[Saved entries]
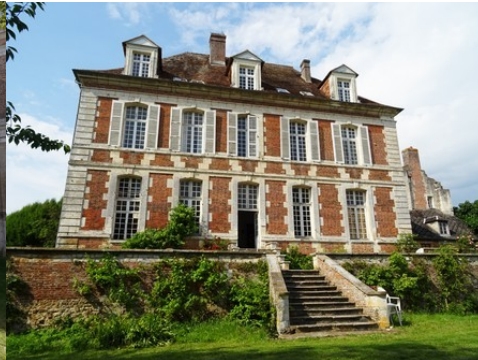
L'aile sud en brique et pierre de taille
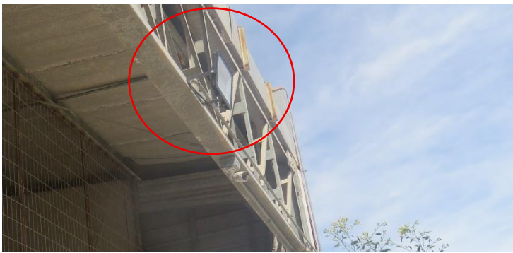
Ilustración N° 5. Luminaria N° 14, proyectores tipo LED, de 150 W de potencia, sin información visible de marca ni modelo, ubicados en la zona de carga de camiones, contorno sur (Fotografía 15 IFA).
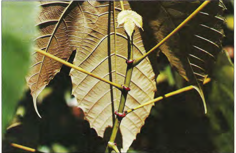
Tige de Macaranga triloba (Reinwardt) présentant des stipules rouges qui portent des trophosomes ou corps beccariens. A Singapour, la fourmi Crematogaster borneensis (André) vit à l'intérieur des tiges. (Cliché P. Jolivet).

capacité du système, car sans la plante la fourmi ne peut survivre et sans la fourmi, la plante meurt à plus ou moins brève échéance. On peut choisir quelques exemples pris chez les plantes les plus caractéristiques. Les jardins de fourmis, autre forme de coopération, attireront également notre attention, car l'association, longtemps contestée, existe bel et bien et reste très performante, la plante attirant la fourmi et la fourmi semblant planter réellement le jardin.
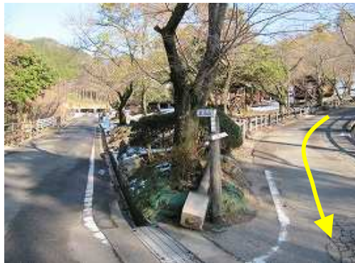
砥石山分岐を通過すると駐車場は近い。矢印から下ってきた。
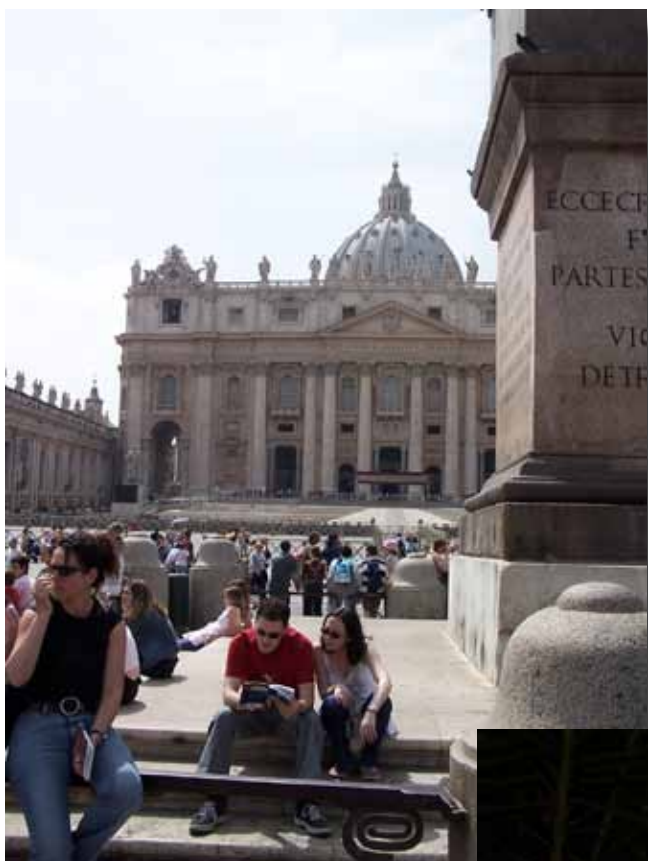
Peterskirken set ned fra Via della Conciliazione
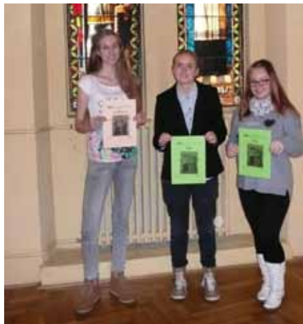
Somatologické dny v Olomouci

Vítězové školního kola poté postoupili do oblastní soutěže s názvem „Somatologické dny“ pořádané na SZŠ a VOŠZ v Olomouci.
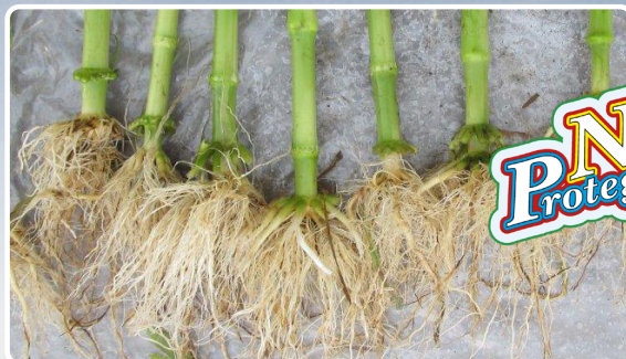
Sviluppo radicale di piante trattate con Diastar Maxi
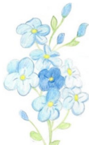
Незабудка | Рисунок Анастасии Тутубалиной, 10 «Б»
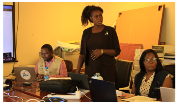
標準化会議で発表するチブーラ主任環境保健技術者
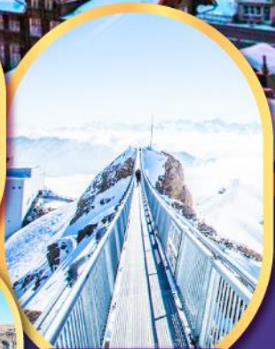
ยอดเขา กลาเซียร์ 3000
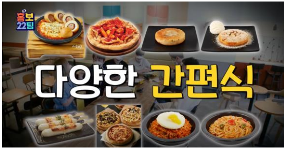
빙수에서 간편식으로 인식 확대를 위한 "설빙" 편

MZ세대 대상 브랜드/제품의 소구 포인트를 거부감 없이 재미있게 전달하고 싶은 광고주
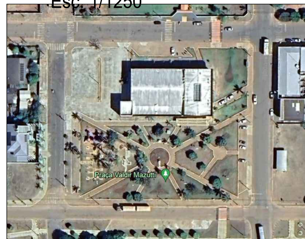
PLANTA DE LOCAÇÃO Esc: 1/1250
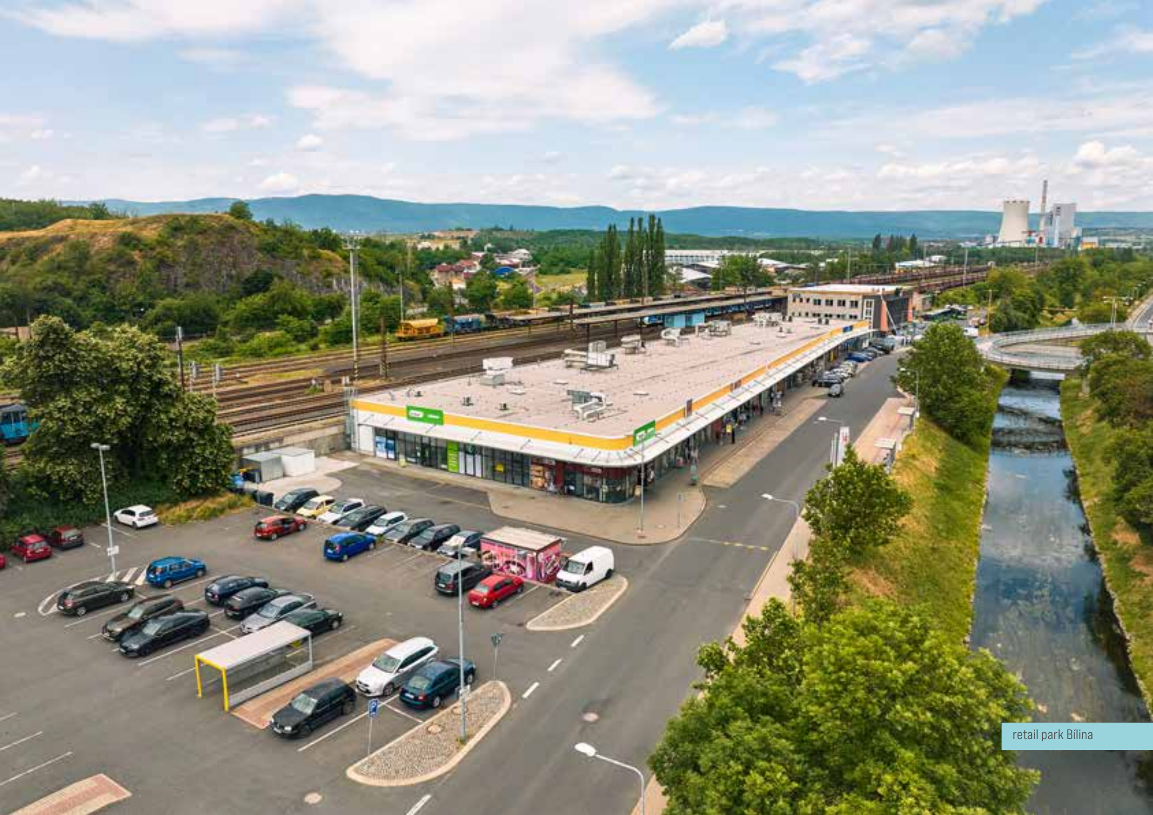
retail park Bílina

= What you have to do =
For each line in the data that holds the word "Somatologické", copy the line.

= The answer =
Somatologické dny v Olomouci
Vítězové školního kola poté postoupili do oblastní soutěže s názvem „Somatologické dny“ pořádané na SZŠ a VOŠZ v Olomouci.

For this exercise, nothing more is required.